Contudo, ao mesmo tempo em que a disciplina congrega todas as potencialidades de
um saber formativo, os professores apresentam inúmeras dificuldades em organizar a sua
prática pedagógica em consonância com toda essa riqueza, donde se conclui que o problema
do ensinar-aprender Filosofia é muito mais didático-pedagógico do que epistemológico.
A deficiente formação didática dos professores constitui-se em um problema
endêmico para o ensino da Filosofia e representa um verdadeiro desafio para todos aqueles
que exercem a docência dessa disciplina.
Esse quadro estrutural mostra um presente incerto e um futuro indefinido para atingir
a otimização do processo ensino-aprendizagem da Filosofia, além de contribuir para a falta
de identidade da disciplina, problema que se arrasta desde tempos coloniais.

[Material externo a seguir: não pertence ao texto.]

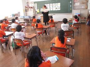 5年生は外国語科でした。ジョアンナ先生と月や季節を英語で言う活動などをしていました。児童の発音上手になりました。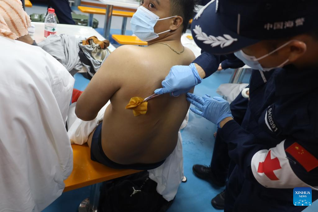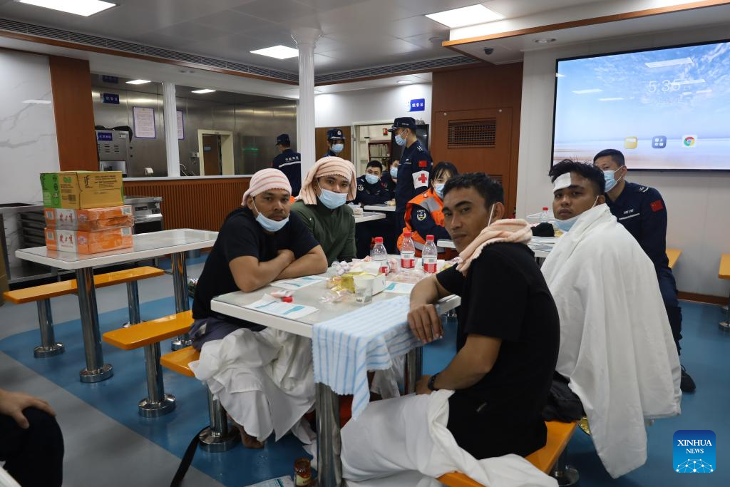 BEIJING, Jan. 23 (Xinhua) -- China Coast Guard (CCG) has saved 13 Filipino crew members from a shipwreck in the South China Sea, the CCG said on Friday.

O futuro reserva um muito por fazer no âmbito da didática filosófica, priorizando a
possibilidade de um ensino sustentado e fundamentado nas quatro fontes clássicas do
currículo: a epistemológica, a psicológica, a sociológica e, especialmente, a pedagógica.
Somente na dialética entre a denúncia do que se vive e a construção do que se quer
viver é possível garantir o status do ensino da Filosofia como disciplina de pleno direito no
currículo do ensino médio e superior brasileiro.